Internal Mutations and Microbes May Drive a Distinct Subtype of Oral Cancer

The epidemiology of oral cavity squamous cell carcinoma is shifting. While tobacco, alcohol and high‑risk HPV have long explained the majority of cases, a growing cohort—particularly younger women—presents without any of these exposures. This demographic change prompted investigators to interrogate large public datasets, revealing that roughly a quarter of oral tumors fall into a "no identified risk factor" (NIRF) category. By applying mutational signature analysis, the team uncovered that internal processes, not external carcinogens, are the primary drivers of these cancers.

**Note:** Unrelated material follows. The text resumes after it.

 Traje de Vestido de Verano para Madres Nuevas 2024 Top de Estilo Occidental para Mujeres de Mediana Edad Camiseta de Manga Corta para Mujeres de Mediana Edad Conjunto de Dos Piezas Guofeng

At the molecular level, NIRF tumors are characterized by two dominant signatures. The ubiquitous SBS1 pattern reflects spontaneous deamination linked to cellular aging, while SBS2 and SBS13 trace APOBEC enzyme activity, a known source of cytidine‑to‑uracil editing that fuels genomic instability. Intriguingly, histopathology also detected bacterial fragments within the tumor microenvironment, and gene‑expression profiling highlighted up‑regulated antimicrobial and keratinization pathways. Together, these findings suggest that the oral microbiome—or its dysbiosis—may act as a co‑factor, providing a novel angle for research into carcinogenesis beyond traditional mutagens.

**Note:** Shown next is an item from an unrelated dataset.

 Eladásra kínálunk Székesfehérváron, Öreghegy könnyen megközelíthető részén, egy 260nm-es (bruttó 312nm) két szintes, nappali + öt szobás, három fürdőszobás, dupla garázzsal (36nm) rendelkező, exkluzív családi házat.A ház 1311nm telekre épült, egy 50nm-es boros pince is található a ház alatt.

Clinically, the NIRF subtype poses both challenges and opportunities. Immune‑evasion alterations, such as disrupted antigen‑presentation machinery, could blunt responses to current checkpoint‑inhibitor regimens, urging the development of combination strategies. Conversely, the prevalence of APOBEC‑mediated mutagenesis points to susceptibility to agents that exploit DNA‑damage‑response weaknesses, such as ATR or PARP inhibitors. As precision oncology matures, integrating mutational signature profiling into routine pathology could enable oncologists to stratify patients more accurately, tailoring therapy to the underlying biology rather than historical risk factors. Future trials will need to validate these therapeutic hypotheses and explore microbiome‑modulating interventions as adjuncts to standard care.